Agent Handoff and Collaboration Rules
- Planner → Extractor: pass run_id, source_system, batch_id, version, and last_seen.
- Extractor → Transformer: pass staged data references and metadata; ensure idempotency keys flow.
- Transformer → Loader: supply target schema, partitions, and data model version.
- Loader → Validator: provide counts, schema snapshot, and expected data quality gates.
- Validator → Monitor: emit health signals and success/failure status.
- On failure: Planner triggers remediation, or escalates to human review.
Tool Governance and Permission Rules
- Commands must be scoped to the permitted ETL operations; no admin actions in pipelines.
- File edits follow a review gate; production changes require approval.
- API calls to sources/targets must use read/write permissions aligned with role.
- Secrets must be accessed via a central secret manager with rotation policies.
- Production endpoints require feature flags and observability signals.
- Handoff and data contracts must be versioned.
Code Construction Rules
- Use explicit input/output schemas for every agent action.

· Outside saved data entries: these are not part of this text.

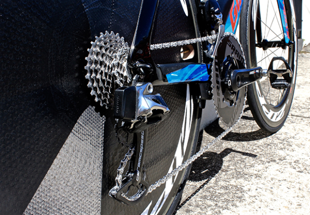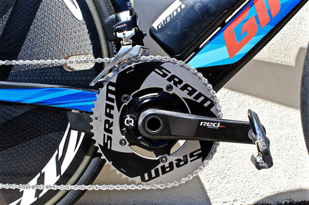 The SRAM Red eTap group on Appleton's Giant features a Quarq Dzero power meter and 55/42 SRAM aero chain rings.
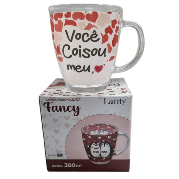 CANECA VIDRO 380ML MEU PAR PINGUIM
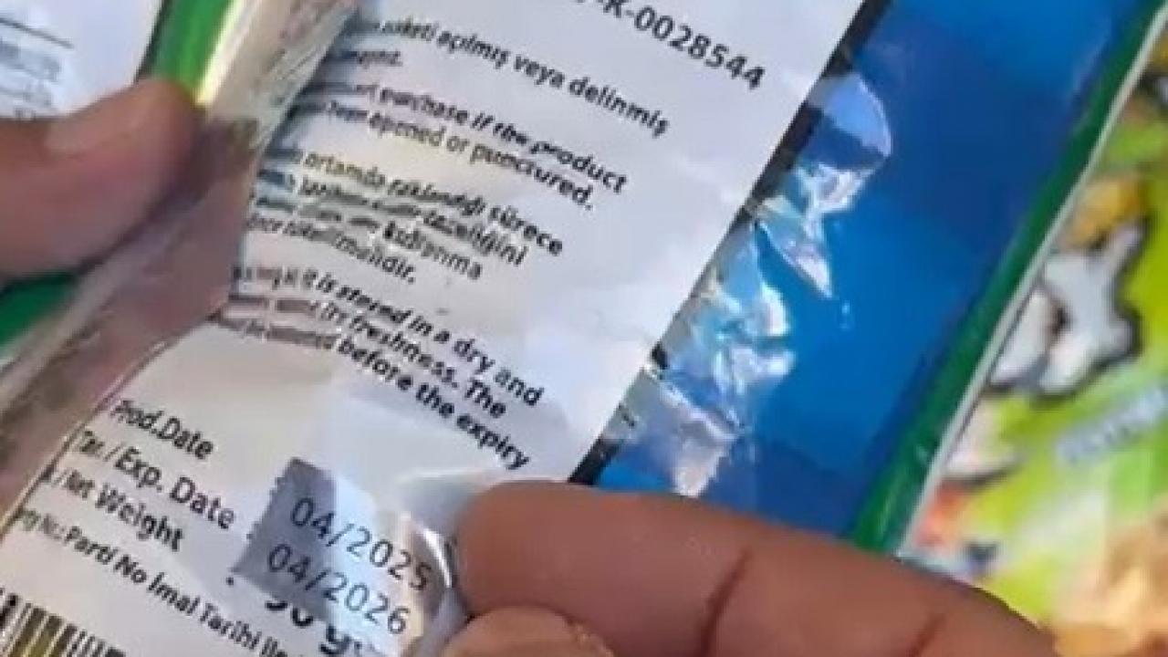 Yapılan denetimde markette cipslerin son kullanma tarihini gösteren etiketin sonradan yapılan ekleme ile değiştirildiği tespit edildi.

- Keep transforms pure; avoid side effects outside the pipeline store.
- Implement idempotent writes and safe retries with backoff.
- Log sufficient context for auditability in every step.

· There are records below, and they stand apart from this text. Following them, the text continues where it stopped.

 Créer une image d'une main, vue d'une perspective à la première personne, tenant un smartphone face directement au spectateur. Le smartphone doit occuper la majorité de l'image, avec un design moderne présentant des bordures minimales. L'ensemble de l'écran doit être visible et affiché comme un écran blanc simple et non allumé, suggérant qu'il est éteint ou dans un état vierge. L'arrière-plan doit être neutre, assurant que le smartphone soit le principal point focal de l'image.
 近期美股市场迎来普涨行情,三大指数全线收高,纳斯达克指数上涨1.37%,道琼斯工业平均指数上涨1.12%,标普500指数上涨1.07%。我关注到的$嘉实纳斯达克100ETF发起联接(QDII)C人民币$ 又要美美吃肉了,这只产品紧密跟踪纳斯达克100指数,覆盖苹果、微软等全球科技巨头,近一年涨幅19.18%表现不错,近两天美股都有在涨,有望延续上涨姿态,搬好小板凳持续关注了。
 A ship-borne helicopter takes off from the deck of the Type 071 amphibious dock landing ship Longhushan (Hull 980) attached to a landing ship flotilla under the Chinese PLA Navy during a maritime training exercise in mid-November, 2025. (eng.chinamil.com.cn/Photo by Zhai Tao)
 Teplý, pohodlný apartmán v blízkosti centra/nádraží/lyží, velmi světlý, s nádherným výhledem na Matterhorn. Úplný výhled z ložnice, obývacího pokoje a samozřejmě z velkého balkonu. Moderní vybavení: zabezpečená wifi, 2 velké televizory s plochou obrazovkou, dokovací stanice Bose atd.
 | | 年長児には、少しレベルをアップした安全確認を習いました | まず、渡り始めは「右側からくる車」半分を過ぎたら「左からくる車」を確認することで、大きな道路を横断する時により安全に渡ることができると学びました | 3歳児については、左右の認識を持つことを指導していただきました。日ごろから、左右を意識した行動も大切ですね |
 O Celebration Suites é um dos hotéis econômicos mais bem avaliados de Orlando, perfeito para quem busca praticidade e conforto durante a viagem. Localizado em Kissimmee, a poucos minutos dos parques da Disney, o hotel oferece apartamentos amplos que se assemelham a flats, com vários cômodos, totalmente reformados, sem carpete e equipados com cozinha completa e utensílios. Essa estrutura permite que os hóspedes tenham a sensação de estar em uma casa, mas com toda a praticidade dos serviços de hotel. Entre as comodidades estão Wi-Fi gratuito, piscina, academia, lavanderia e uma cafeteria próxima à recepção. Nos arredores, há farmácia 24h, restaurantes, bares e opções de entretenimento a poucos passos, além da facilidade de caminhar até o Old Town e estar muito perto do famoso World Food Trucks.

- Validate data types and nullability at each stage.
Security and Production Rules
- Encrypt data in transit and at rest; enforce least privilege for all agents.
- Rotate credentials on a scheduled cadence; monitor for suspicious access.
- No hard-coded secrets; use a secure vault with access controls.
- Implement audit trails for all data-access events.
Testing Checklist
- Unit tests for extract/transform/load logic.
- Integration tests for connectors and data formats.
- End-to-end tests in staging with representative data volumes.
- Regression tests for schema evolution and backward compatibility.
- Performance tests to verify throughput and latency SLAs.
Common Mistakes to Avoid
- Skipping data quality checks and no lineage visibility.
- Allowing uncontrolled handoffs without contracts or versioning.
- Bypassing security reviews or secret management during deployments.
- Failing to implement idempotency and checkpointing in ETL steps.
- Overloading the planner with too many direct transformations.
Related implementation resources: AI Use Case for Sales Pipeline Reviews and Deal Risk Scoring and AI Agent Use Case for Pharmaceutical Producers Using Batch Records To Flag Minor Chemical Compound Variances.
FAQ
What is the purpose of this AGENTS.md Template for ETL pipelines?
It defines the end-to-end agent roles, handoffs, and governance for ETL workflows to enable reliable, auditable multi-agent orchestration.
How do agents coordinate in a multi-agent ETL pipeline?
Agents communicate via a planner/orchestrator that sequences Extract, Transform, Load, and Validate steps, passing context and results through well-defined contracts.
How is data quality validated in the template?
Quality gates are enforced by a Validator Agent that checks row counts, schema conformance, nullability, and domain-specific rules, with remediation and escalation when needed.
What happens on failure or rollback in the ETL workflow?
Failures trigger retries with backoff, and after max retries, a rollback to the last known-good checkpoint occurs with human review if necessary.
How is security maintained in the ETL AGENTS.md Template?
Access is governed by least privilege, secrets are stored in a central vault, credentials rotate on schedule, and all data-access events are audited.